* [Requirement] Copy out each line below verbatim, skipping any picture.

*** Opening of Data section ***

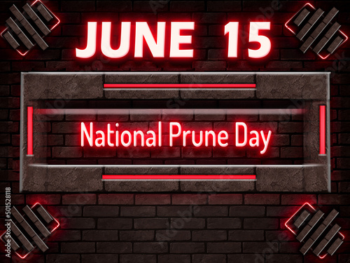 Fototapeta premium 15 June, National Prune Day, Neon Text Effect on bricks Background
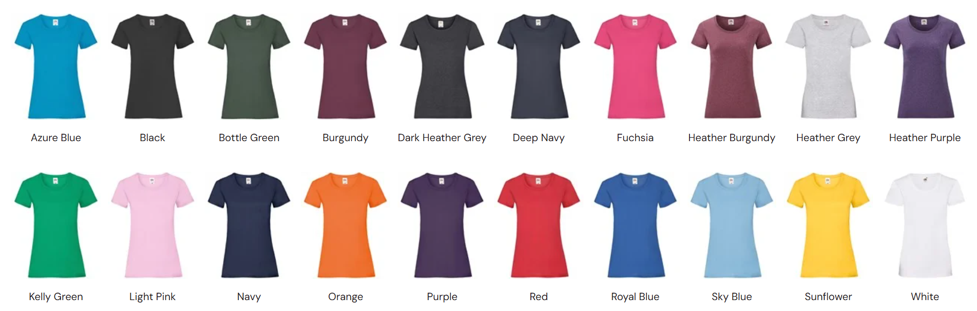 - White and Heather Grey: 140gsm, Medium colours: 145gsm, Dark colours 150gsm
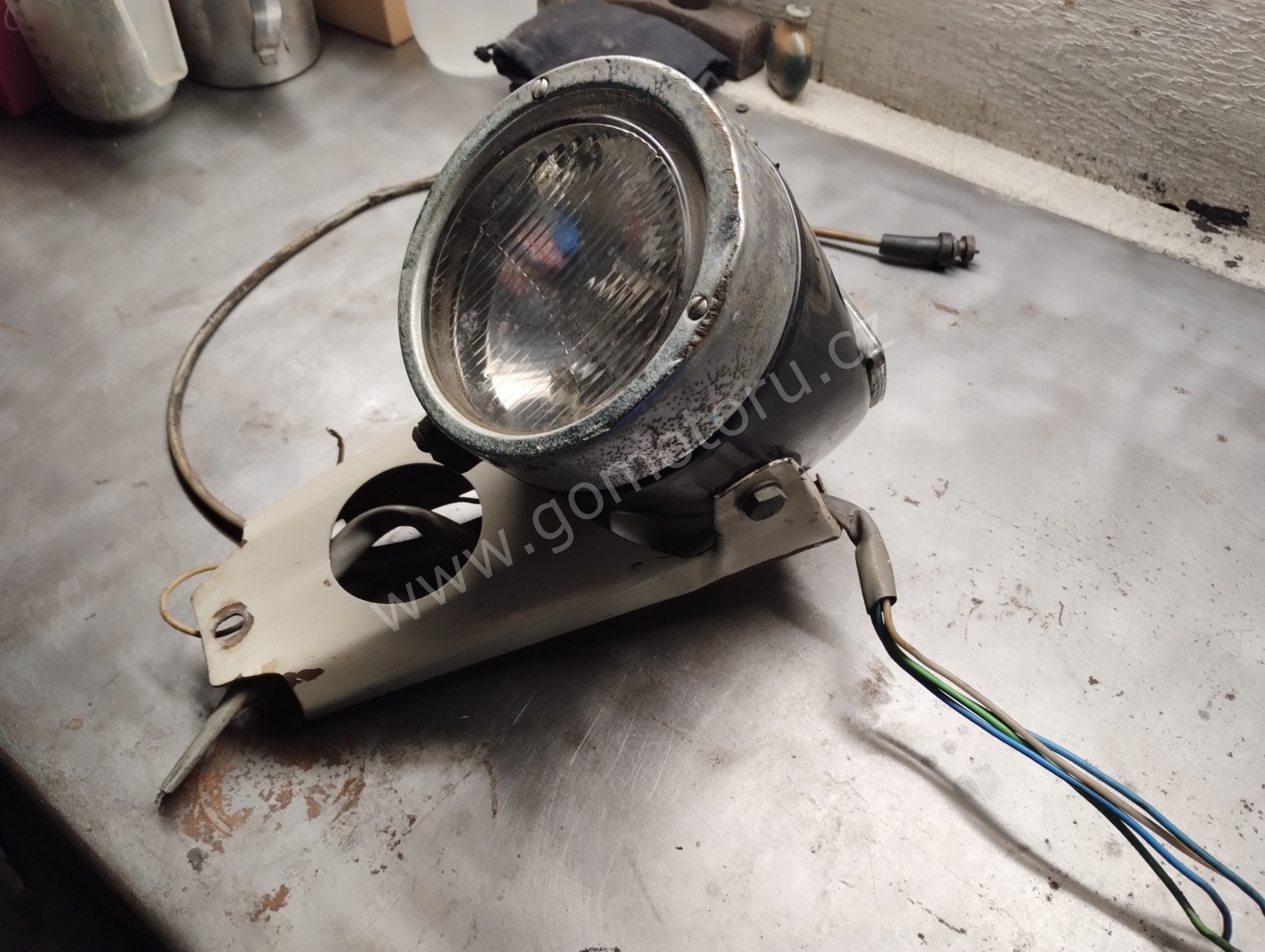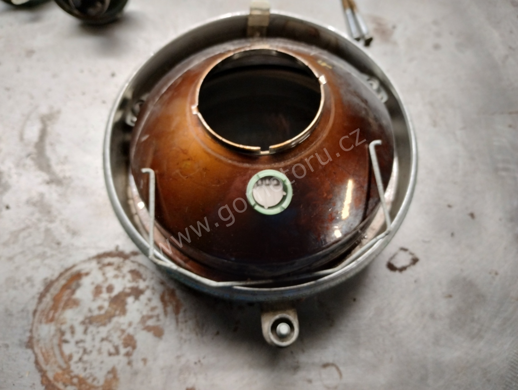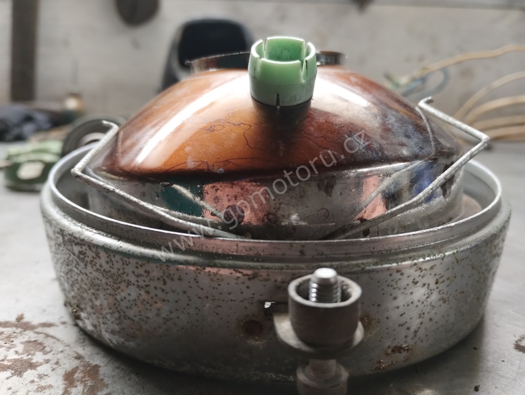 Rozebírám přední část motocyklu. Potřebuji odstrojit kompletní předek abych se podíval v jaké stavu je ložisko řízení. Vyčistím jej a připravím na vaření dorazu řízení. Nejdříve sundám držák předního světla se všemi komponenty. Rovnou si díly procházím, hodnotím a rozhoduji o jejich budoucím osudu. Nejvíce mě ale zajímá přední vidlice.

*** Close of Data section ***

* [Exercise answer]
 Fototapeta premium 15 June, National Prune Day, Neon Text Effect on bricks Background
 - White and Heather Grey: 140gsm, Medium colours: 145gsm, Dark colours 150gsm
 Rozebírám přední část motocyklu. Potřebuji odstrojit kompletní předek abych se podíval v jaké stavu je ložisko řízení. Vyčistím jej a připravím na vaření dorazu řízení. Nejdříve sundám držák předního světla se všemi komponenty. Rovnou si díly procházím, hodnotím a rozhoduji o jejich budoucím osudu. Nejvíce mě ale zajímá přední vidlice.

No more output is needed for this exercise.